● About this exercise: Write the listing below out again word for word, without a single picture.

● Data segment:
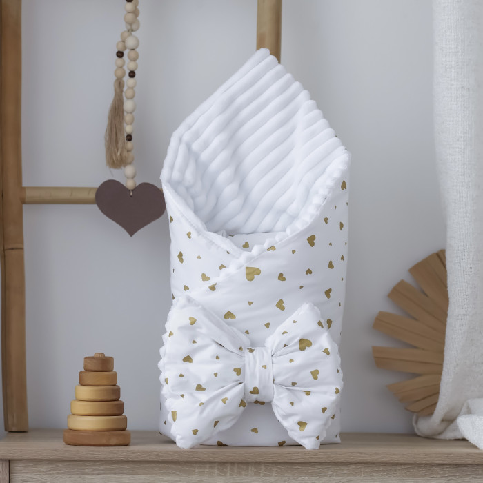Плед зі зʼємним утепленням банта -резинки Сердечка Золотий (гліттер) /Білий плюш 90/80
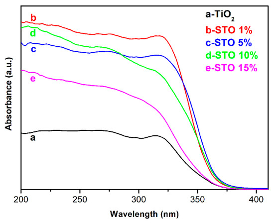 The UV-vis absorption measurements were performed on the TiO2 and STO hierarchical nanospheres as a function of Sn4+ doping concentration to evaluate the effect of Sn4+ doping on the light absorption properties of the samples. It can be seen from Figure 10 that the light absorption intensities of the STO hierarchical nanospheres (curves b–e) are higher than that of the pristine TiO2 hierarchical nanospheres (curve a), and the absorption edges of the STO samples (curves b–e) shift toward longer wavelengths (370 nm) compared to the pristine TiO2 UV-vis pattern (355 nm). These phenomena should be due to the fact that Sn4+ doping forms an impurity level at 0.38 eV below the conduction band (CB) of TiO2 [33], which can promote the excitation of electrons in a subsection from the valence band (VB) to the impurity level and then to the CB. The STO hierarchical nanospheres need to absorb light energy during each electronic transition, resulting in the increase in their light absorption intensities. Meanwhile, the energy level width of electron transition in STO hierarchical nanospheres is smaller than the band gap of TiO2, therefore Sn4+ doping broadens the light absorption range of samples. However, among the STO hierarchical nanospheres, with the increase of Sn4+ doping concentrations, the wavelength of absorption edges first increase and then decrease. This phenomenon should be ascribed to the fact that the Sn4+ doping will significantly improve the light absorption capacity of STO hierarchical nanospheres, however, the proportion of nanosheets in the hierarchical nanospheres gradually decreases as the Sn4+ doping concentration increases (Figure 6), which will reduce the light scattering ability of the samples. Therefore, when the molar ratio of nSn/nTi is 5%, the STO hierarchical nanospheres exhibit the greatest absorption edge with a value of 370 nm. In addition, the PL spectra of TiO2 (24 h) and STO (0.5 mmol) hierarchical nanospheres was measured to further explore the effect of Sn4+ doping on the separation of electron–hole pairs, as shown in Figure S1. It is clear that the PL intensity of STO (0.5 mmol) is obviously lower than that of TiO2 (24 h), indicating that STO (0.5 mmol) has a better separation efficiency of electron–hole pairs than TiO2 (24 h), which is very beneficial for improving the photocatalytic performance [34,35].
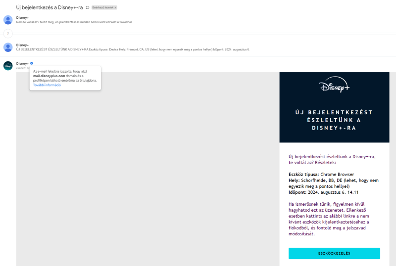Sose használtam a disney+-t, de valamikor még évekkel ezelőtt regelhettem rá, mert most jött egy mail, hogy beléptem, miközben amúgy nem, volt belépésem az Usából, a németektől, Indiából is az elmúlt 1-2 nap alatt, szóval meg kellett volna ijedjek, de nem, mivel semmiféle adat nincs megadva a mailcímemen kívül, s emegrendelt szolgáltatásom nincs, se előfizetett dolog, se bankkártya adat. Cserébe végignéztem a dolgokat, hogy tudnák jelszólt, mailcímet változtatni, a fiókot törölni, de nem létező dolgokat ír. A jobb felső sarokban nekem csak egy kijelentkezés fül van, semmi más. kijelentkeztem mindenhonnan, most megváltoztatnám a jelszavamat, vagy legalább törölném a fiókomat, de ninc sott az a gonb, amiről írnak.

● Exercise result:
Плед зі зʼємним утепленням банта -резинки Сердечка Золотий (гліттер) /Білий плюш 90/80
 The UV-vis absorption measurements were performed on the TiO2 and STO hierarchical nanospheres as a function of Sn4+ doping concentration to evaluate the effect of Sn4+ doping on the light absorption properties of the samples. It can be seen from Figure 10 that the light absorption intensities of the STO hierarchical nanospheres (curves b–e) are higher than that of the pristine TiO2 hierarchical nanospheres (curve a), and the absorption edges of the STO samples (curves b–e) shift toward longer wavelengths (370 nm) compared to the pristine TiO2 UV-vis pattern (355 nm). These phenomena should be due to the fact that Sn4+ doping forms an impurity level at 0.38 eV below the conduction band (CB) of TiO2 [33], which can promote the excitation of electrons in a subsection from the valence band (VB) to the impurity level and then to the CB. The STO hierarchical nanospheres need to absorb light energy during each electronic transition, resulting in the increase in their light absorption intensities. Meanwhile, the energy level width of electron transition in STO hierarchical nanospheres is smaller than the band gap of TiO2, therefore Sn4+ doping broadens the light absorption range of samples. However, among the STO hierarchical nanospheres, with the increase of Sn4+ doping concentrations, the wavelength of absorption edges first increase and then decrease. This phenomenon should be ascribed to the fact that the Sn4+ doping will significantly improve the light absorption capacity of STO hierarchical nanospheres, however, the proportion of nanosheets in the hierarchical nanospheres gradually decreases as the Sn4+ doping concentration increases (Figure 6), which will reduce the light scattering ability of the samples. Therefore, when the molar ratio of nSn/nTi is 5%, the STO hierarchical nanospheres exhibit the greatest absorption edge with a value of 370 nm. In addition, the PL spectra of TiO2 (24 h) and STO (0.5 mmol) hierarchical nanospheres was measured to further explore the effect of Sn4+ doping on the separation of electron–hole pairs, as shown in Figure S1. It is clear that the PL intensity of STO (0.5 mmol) is obviously lower than that of TiO2 (24 h), indicating that STO (0.5 mmol) has a better separation efficiency of electron–hole pairs than TiO2 (24 h), which is very beneficial for improving the photocatalytic performance [34,35].
Sose használtam a disney+-t, de valamikor még évekkel ezelőtt regelhettem rá, mert most jött egy mail, hogy beléptem, miközben amúgy nem, volt belépésem az Usából, a németektől, Indiából is az elmúlt 1-2 nap alatt, szóval meg kellett volna ijedjek, de nem, mivel semmiféle adat nincs megadva a mailcímemen kívül, s emegrendelt szolgáltatásom nincs, se előfizetett dolog, se bankkártya adat. Cserébe végignéztem a dolgokat, hogy tudnák jelszólt, mailcímet változtatni, a fiókot törölni, de nem létező dolgokat ír. A jobb felső sarokban nekem csak egy kijelentkezés fül van, semmi más. kijelentkeztem mindenhonnan, most megváltoztatnám a jelszavamat, vagy legalább törölném a fiókomat, de ninc sott az a gonb, amiről írnak.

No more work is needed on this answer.